Outlier detection using the RANSAC algorithm

6 min readJan 31, 2020

Introduction

In this article we will explore the Random Sample Consensus algorithm — more popularly known by the acronym RANSAC. This is an iterative and a non-deterministic algorithm that helps in eliminating outliers. This algorithm is commonly used to solve computer vision challenges. In this article I have presented the motivation for the RANSAC algorithm and the source code for a simplistic implementation using Python.

Problem definition

Consider the distribution of points in the following diagram.

The human mind can immediately spot that all the points in this distribution but for one is aligned in a straight line and the mind has no difficulty in distinguishing the inliers from the outliers. How can me make the computer emulate this aspect of the human behavior? The RANSAC algorithm attempts to address this challenge.

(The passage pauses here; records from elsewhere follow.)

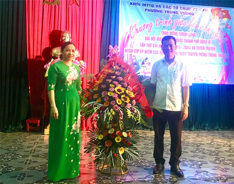 Tối 18-5, phường Trưng Vương tổ chức Chương trình giao lưu văn nghệ chào mừng thành công Đại hội MTTQ thành phố lần thứ 16, nhiệm kỳ 2019-2024, kỷ niệm các ngày lễ trong tháng 5. Tới dự có đồng chí Phạm Thái Sơn, Phó Chủ tịch MTTQ thành phố.
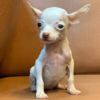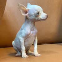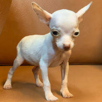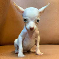 🐾 Auri là một bé Phốc Hươu (Miniature Pinscher) size siêu nhỏ, màu trắng hiếm, thuần chủng, dáng gọn gàng chỉ như một “bé bỏng bỏ vừa lòng bàn tay” 🍼🤏. Làn da trắng hồng, đôi mắt tròn long lanh và đôi tai dựng đáng yêu khiến bé giống như một nhân vật bước ra từ truyện cổ tích.
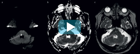 En tidligere frisk mann i 80-årene utviklet akutte synsproblemer med dobbeltsyn i alle blikkretninger. Han følte seg ustø og kastet opp flere ganger. Ved innleggelse i nevrologisk avdeling ble det påvist en kompleks øyemotilitetsforstyrrelse med konjugert blikkparese mot høyre og internukleær oftalmoplegi mot venstre (video). CT caput ved innkomst viste kun lette hypodense forandringer, forenlig med kronisk iskemi. MR med diffusjonsvektet serie viser følgende: a) hyperintenst signal (pil) dorsalt i hjernestammen på høyre side (summasjonsbilde), b) lavt signal i samme lesjon på ADC-kartet (Apparent Diffusion Coefficient) (pil) og c) lett hyperintenst signal på T2-vektet serie (pil). Funnet er forenlig med cytotoksisk ødem og akutt hjernestammeinfarkt i den paramediane pontine retikulærsubstansen. Dette kunne forklare pasientens symptomer.
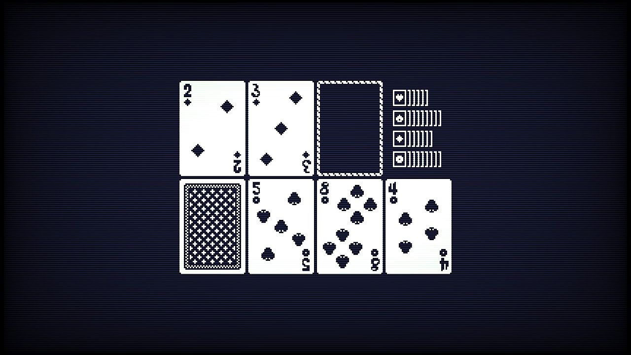 Karanos Solitaire delivers a single-player card game with an original ruleset, centered on grouping cards from a traditional deck into high-scoring combos. Players remove all cards to rack up points through pairs, chains, flushes, royals, and triples, while managing a top row and bottom row setup. Quick 5-minute rounds feature a minimal interface, relaxing gameplay, multiple cardback options, and color themes. Setup strips face cards from 40 aces and numerals, revealing three to start. Actions let you shift cards between rows, recycle to the deck, form combos for removal, or discard singles at a point cost. Score 40 or more to win, with an extra 11 points if every card fuels a combo-ideal for indie card game fans seeking bite-sized, strategic sessions on PC.

Traditional approach — Fitting a straight line

Consider the points above. How do we find a line which fits this distribution? One of the popular approaches is the least square distance method. In this approach we:

Create a cost function which sum up the distance of all points from the line
Iteratively tinker with the equation of the line and evaluate the cost function
Select the line line which yields the lowest cost function

How do we build a cost function?

Consider any point Pi with coordinates Xi,Yi
Consider a straight line with the equation y=m.x+c where m is the slope and the c is the Y-intercept
The distance of Pi from the point where the vertical projection intersects this line is given by d(i)=(m.Xi+c) — Yi
We do not want to be worried about negative values. Therefore let us square the above distance. d(i) ² =((m.Xi+c) — Yi )²
The summation of the square of the vertical distance of all N points is given by Sum = ∑((m.Xi+c) — Yi )²
We can express the summation as a function which is dependent on two variables — The slope m and the Y intercept c
The cost function f(m,c) can now be expressed as ∑((m.Xi+c) — Yi)²
Since we have 2 variables (m and c) we need 2 equations to determine their values.
The maxima/minima of a function can be determined by using derivatives. The point where a function achieves maxima/minima the derivative of the function at that point is zero.
We will use partial differentiation to find the values of m and c which yield the lowest value
The partial derivatives of f(m,c) with respect to the variables m and c would have to be zero to give us the lowest cost value
df/dm= 2∑ ((m.Xi+c) — Yi)*Xi
df/dc= 2∑ ((m.Xi+c) — Yi)
In the interest of time, I will skip the derivation of the least squares distance formula and straight away present the solution
m=(N.Σ(x.y) -Σx.Σy)/(N.Σ(x2) + (Σx).2)
c= (Σy — m.Σx)/N

Challenges with least squares method

Scenario — No noise

Scenario — A few noisy data points

Data points which are mostly linear and with 1 outlier

Understanding RANSAC — Overview

Before getting into the full details, I have presented a distilled version of RANSAC in this section

Randomly select a smaller set of points (n) from the entire distribution (N)
Use least squares regression to determine the linear equation which fits the n points
Determine the average of the distance of every point N from this line. This score can be considered to be a measure of the goodness of the line.
Keep track of the score. If this score is less than the best score obtained from previous iterations then discard the older linear equation and select the current linear equation.
Go back the first step and continue iterating till you have completed a predetermined number of iterations
Stop the algorithm when a predetermined number of iterations have been completed
The linear equation available at the end of the iterations is possibly the best candidate line

We can see that the algorithm is not deterministic and hence the name Random in the acronym RANSAC. It is possible that you may not get the best model.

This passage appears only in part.